(Entries taken from a collection)
* * * * * * *

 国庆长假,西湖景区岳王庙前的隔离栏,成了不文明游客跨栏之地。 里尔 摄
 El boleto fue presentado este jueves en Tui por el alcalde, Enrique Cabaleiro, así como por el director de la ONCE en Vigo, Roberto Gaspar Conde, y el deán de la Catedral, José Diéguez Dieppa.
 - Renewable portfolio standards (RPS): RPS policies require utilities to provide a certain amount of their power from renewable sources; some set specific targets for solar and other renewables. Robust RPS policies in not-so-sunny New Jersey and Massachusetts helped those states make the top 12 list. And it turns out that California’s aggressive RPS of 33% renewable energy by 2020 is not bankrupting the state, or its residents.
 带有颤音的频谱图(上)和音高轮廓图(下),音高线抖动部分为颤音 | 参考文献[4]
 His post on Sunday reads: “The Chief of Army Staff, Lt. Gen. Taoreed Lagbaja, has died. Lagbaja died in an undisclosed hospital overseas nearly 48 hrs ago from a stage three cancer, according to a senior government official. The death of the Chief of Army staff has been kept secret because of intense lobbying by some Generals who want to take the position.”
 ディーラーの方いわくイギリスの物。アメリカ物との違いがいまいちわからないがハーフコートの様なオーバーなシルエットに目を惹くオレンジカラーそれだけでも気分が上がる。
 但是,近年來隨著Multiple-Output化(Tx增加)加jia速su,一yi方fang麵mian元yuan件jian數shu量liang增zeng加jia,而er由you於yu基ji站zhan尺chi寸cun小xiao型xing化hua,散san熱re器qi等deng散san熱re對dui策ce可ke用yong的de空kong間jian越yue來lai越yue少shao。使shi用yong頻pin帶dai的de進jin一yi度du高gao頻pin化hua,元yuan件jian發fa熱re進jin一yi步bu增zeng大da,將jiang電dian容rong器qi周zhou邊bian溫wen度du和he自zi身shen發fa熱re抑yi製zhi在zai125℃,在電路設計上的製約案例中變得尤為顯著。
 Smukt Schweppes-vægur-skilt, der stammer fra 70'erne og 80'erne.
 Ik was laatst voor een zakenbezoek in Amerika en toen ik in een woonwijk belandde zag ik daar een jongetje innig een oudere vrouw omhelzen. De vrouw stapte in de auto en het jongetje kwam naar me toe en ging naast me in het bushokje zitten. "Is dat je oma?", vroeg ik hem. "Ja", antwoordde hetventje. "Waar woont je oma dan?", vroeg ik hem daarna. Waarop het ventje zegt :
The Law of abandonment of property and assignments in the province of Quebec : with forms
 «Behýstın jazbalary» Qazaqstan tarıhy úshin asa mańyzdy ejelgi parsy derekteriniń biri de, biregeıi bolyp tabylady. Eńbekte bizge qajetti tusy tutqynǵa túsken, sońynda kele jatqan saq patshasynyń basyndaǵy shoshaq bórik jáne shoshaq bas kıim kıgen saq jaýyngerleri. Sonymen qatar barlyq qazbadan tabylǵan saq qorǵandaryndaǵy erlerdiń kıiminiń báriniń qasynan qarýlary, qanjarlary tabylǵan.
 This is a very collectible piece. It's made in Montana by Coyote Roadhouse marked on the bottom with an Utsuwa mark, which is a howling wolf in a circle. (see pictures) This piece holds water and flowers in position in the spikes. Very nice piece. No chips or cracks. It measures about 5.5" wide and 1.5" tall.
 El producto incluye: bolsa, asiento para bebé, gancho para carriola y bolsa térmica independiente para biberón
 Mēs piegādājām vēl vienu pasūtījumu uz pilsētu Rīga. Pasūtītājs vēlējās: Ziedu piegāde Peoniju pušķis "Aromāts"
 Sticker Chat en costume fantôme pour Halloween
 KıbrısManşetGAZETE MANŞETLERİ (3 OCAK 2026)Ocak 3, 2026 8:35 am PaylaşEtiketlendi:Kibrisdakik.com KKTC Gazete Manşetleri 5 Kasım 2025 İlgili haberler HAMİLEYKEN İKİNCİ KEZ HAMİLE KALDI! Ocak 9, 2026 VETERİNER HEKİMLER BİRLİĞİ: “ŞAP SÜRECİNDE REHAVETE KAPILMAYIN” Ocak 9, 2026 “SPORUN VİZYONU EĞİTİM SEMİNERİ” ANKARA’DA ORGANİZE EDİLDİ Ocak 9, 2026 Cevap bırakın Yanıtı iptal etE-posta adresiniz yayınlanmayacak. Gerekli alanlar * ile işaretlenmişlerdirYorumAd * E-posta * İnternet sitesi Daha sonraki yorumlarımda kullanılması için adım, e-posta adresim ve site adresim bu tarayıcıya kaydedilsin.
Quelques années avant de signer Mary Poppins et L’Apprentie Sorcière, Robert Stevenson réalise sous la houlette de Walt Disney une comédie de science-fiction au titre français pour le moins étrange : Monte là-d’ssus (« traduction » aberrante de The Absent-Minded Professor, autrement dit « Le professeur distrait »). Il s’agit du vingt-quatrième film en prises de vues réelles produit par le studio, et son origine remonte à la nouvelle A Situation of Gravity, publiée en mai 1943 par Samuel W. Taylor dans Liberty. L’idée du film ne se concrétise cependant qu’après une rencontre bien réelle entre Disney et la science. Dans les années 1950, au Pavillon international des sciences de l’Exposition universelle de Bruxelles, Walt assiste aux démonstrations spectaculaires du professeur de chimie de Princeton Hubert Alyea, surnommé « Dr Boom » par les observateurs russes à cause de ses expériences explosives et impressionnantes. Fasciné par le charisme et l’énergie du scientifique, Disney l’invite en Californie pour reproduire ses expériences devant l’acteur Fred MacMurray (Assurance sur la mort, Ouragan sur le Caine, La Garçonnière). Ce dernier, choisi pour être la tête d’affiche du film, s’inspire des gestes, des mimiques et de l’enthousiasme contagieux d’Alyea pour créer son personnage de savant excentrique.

* * * * * * *

*PROBLEM DESCRIPTION*. Could you retype exactly the lines above, starting at the line that contains "Mēs piegādājām vēl" and ending at the line that contains "KıbrısManşetGAZETE MANŞETLERİ (3", and nothing more?

*SOLUTION TO THE EXERCISE*.
 Mēs piegādājām vēl vienu pasūtījumu uz pilsētu Rīga. Pasūtītājs vēlējās: Ziedu piegāde Peoniju pušķis "Aromāts"
 Sticker Chat en costume fantôme pour Halloween
 KıbrısManşetGAZETE MANŞETLERİ (3 OCAK 2026)Ocak 3, 2026 8:35 am PaylaşEtiketlendi:Kibrisdakik.com KKTC Gazete Manşetleri 5 Kasım 2025 İlgili haberler HAMİLEYKEN İKİNCİ KEZ HAMİLE KALDI! Ocak 9, 2026 VETERİNER HEKİMLER BİRLİĞİ: “ŞAP SÜRECİNDE REHAVETE KAPILMAYIN” Ocak 9, 2026 “SPORUN VİZYONU EĞİTİM SEMİNERİ” ANKARA’DA ORGANİZE EDİLDİ Ocak 9, 2026 Cevap bırakın Yanıtı iptal etE-posta adresiniz yayınlanmayacak. Gerekli alanlar * ile işaretlenmişlerdirYorumAd * E-posta * İnternet sitesi Daha sonraki yorumlarımda kullanılması için adım, e-posta adresim ve site adresim bu tarayıcıya kaydedilsin.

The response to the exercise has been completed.